‘Deskercise’: How to work out while you work
If your job is desk bound there are still plenty of things you can do to keep fit and toned.
As well as making sure you get up and have a stretch or a short walk every half an hour or so try some of the following exercises today:
1. Calf Stretch – Remove your shoes and place your feet flat on the floor with your knees slightly apart. Bring your toes up towards the front of your legs while keeping your heels on the floor. This will help iron kinks out of your calves.
2. 60 Second Aerobics – While seated, pump both arms over your head for 30 seconds, then rapidly tap your feet on the floor, American football-drill style, for 30 seconds. Repeat 3-5 times.
3. Body Lift – Place your hands on the arms of your chair and lift yourself up slightly. Repeat.
4. Buttock Squeeze – Tighten and squeeze your buttocks, hold five to ten seconds, and release. Repeat six to eight times.

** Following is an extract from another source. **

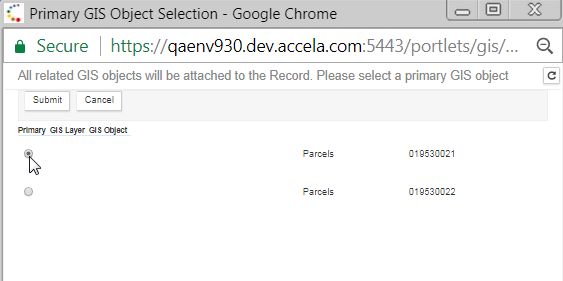If you selected multiple GIS objects, Civic Platform prompts you to choose the primary GIS object. For example:

Really concentrate on the “squeeze” for maximum results.
5. Straight & Narrow – Sit up straight in your chair. Take note of how you sit throughout the day. If you’re slumping a lot, try to practice correcting your posture. Good posture makes you look thinner.
6. Arch – While sitting up arrow straight, bring your lower tummy towards forward until you feel your back arch. Next, reverse the motion. This will help relieve back pressure.